··· Data to examine ···

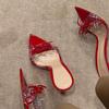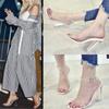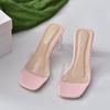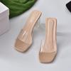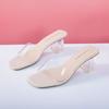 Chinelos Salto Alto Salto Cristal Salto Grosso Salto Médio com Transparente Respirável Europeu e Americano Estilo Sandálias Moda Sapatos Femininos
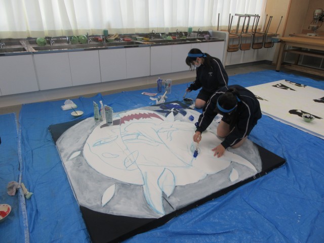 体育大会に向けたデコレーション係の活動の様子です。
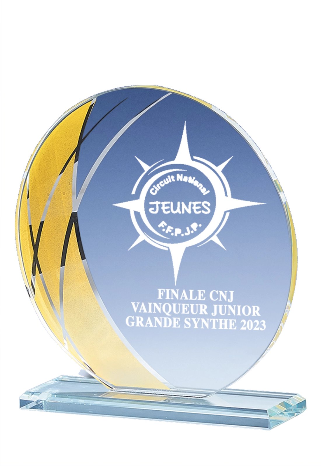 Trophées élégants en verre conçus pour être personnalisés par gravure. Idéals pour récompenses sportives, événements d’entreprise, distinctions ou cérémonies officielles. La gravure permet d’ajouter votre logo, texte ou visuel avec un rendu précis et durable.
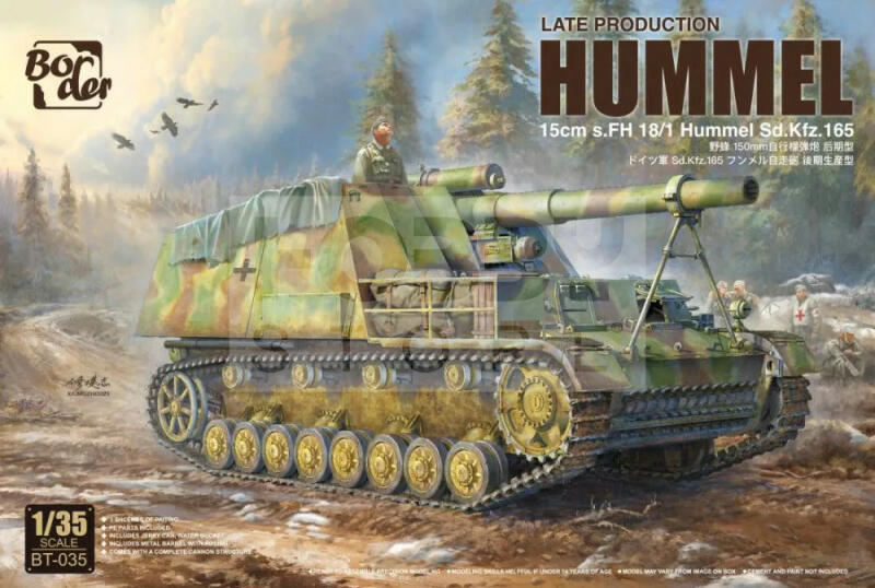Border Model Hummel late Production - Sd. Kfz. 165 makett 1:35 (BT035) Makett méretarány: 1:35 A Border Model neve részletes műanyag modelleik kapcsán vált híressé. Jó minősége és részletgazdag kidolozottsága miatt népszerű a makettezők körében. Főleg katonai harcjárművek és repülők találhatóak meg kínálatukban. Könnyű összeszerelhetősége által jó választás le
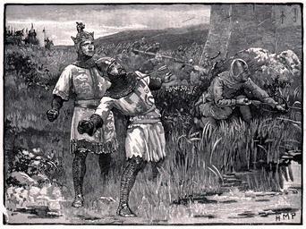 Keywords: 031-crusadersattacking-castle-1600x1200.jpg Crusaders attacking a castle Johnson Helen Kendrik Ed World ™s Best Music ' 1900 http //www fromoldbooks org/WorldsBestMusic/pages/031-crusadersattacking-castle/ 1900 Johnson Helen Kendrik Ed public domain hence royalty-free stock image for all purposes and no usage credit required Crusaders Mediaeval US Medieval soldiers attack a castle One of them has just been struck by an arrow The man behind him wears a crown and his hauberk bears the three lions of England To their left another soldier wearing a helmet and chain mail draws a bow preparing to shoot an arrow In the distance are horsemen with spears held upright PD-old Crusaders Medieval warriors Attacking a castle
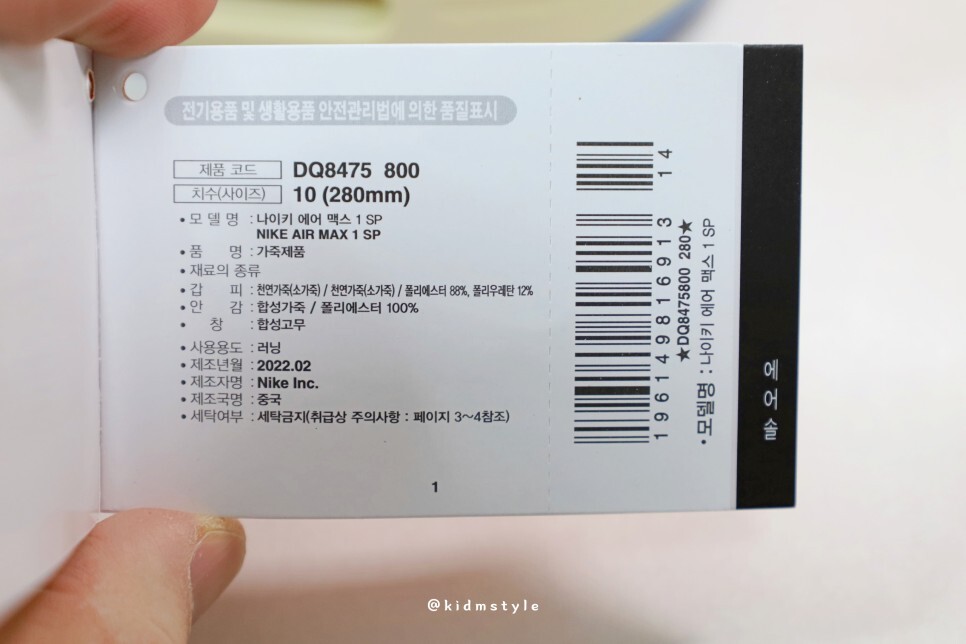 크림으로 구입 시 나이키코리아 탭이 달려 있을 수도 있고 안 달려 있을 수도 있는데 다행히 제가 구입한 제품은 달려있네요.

···

### Requirement
Repeat the preceding records precisely, and leave every picture out of the copy.

### Response area
 Chinelos Salto Alto Salto Cristal Salto Grosso Salto Médio com Transparente Respirável Europeu e Americano Estilo Sandálias Moda Sapatos Femininos
 体育大会に向けたデコレーション係の活動の様子です。
 Trophées élégants en verre conçus pour être personnalisés par gravure. Idéals pour récompenses sportives, événements d’entreprise, distinctions ou cérémonies officielles. La gravure permet d’ajouter votre logo, texte ou visuel avec un rendu précis et durable.
Border Model Hummel late Production - Sd. Kfz. 165 makett 1:35 (BT035) Makett méretarány: 1:35 A Border Model neve részletes műanyag modelleik kapcsán vált híressé. Jó minősége és részletgazdag kidolozottsága miatt népszerű a makettezők körében. Főleg katonai harcjárművek és repülők találhatóak meg kínálatukban. Könnyű összeszerelhetősége által jó választás le
 Keywords: 031-crusadersattacking-castle-1600x1200.jpg Crusaders attacking a castle Johnson Helen Kendrik Ed World ™s Best Music ' 1900 http //www fromoldbooks org/WorldsBestMusic/pages/031-crusadersattacking-castle/ 1900 Johnson Helen Kendrik Ed public domain hence royalty-free stock image for all purposes and no usage credit required Crusaders Mediaeval US Medieval soldiers attack a castle One of them has just been struck by an arrow The man behind him wears a crown and his hauberk bears the three lions of England To their left another soldier wearing a helmet and chain mail draws a bow preparing to shoot an arrow In the distance are horsemen with spears held upright PD-old Crusaders Medieval warriors Attacking a castle
 크림으로 구입 시 나이키코리아 탭이 달려 있을 수도 있고 안 달려 있을 수도 있는데 다행히 제가 구입한 제품은 달려있네요.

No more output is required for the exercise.